Ingredients:
- 4 large Russet potatoes (about 10-12 oz each)
- 2 tablespoons unsalted butter, melted (or olive oil)
- 8 large eggs
- 6 ounces cooked ham, diced
- 4 ounces shredded sharp cheddar cheese
- 1/2 medium yellow onion, finely diced
- 1/2 green bell pepper, finely diced
- Salt and freshly ground black pepper, to taste
Instructions:
- Preheat the oven to 400°F (200°C). Pierce the Russet potatoes several times with a fork and bake directly on the oven rack for 60 minutes, or until fully tender and the skin is crisp.
- Allow the potatoes to cool slightly (about 10 minutes). Once cool enough to handle, slice each potato lengthwise and carefully scoop out the potato flesh, leaving a sturdy 1/4-inch shell.

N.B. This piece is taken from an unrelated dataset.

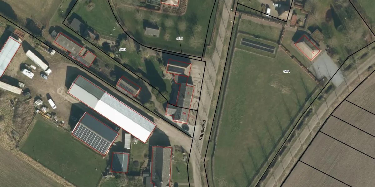 Kapeleind 5 is gelegen op kadastraal perceel SDL00G2943. Deze kadastrale aanduiding is uniek en wordt gebruikt door het Kadaster om eigendomsrechten en andere zakelijke rechten vast te leggen. Het perceel maakt onderdeel uit van de kadastrale gemeente Schijndel.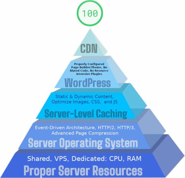 When we delevop your site, speed optimization is included at no additional charge! The pyramid depicted above illustrates the structured approach we adhere to when developing your website. Each phase is carried out with precision to guarantee that your website is delivered with optimal performance. In instances where we are tasked with optimizing a site that we did not create, we meticulously review each layer of the pyramid. This involves assessing the foundation to confirm that your hosting package offers the essential resources. With LSCWP managing image optimization and generating critical CSS for individual URLs, it is imperative to ensure adequate disk space and inode availability.

Reserve the shells (8 total).
- Preheat a skillet over medium heat. Melt 1/2 tablespoon of the butter. Add the diced onion and bell pepper and sauté for 5–7 minutes until softened. Remove the vegetables from the pan and set aside.
- Whisk the 8 eggs in a bowl and season lightly with salt and pepper. Stir in the diced ham, the sautéed vegetables, and half of the shredded cheddar cheese. Mix well.
- Brush the inside and outside of the reserved potato shells with the remaining melted butter. Place the shells cavity-side up on a baking sheet.
- Divide the egg mixture evenly among the 8 potato shells, filling them almost to the top. Top each shell with the remaining shredded cheddar cheese.
- Bake the loaded potato skins for 5–8 minutes, or until the eggs are fully set and the cheese is melted and bubbly. Serve immediately.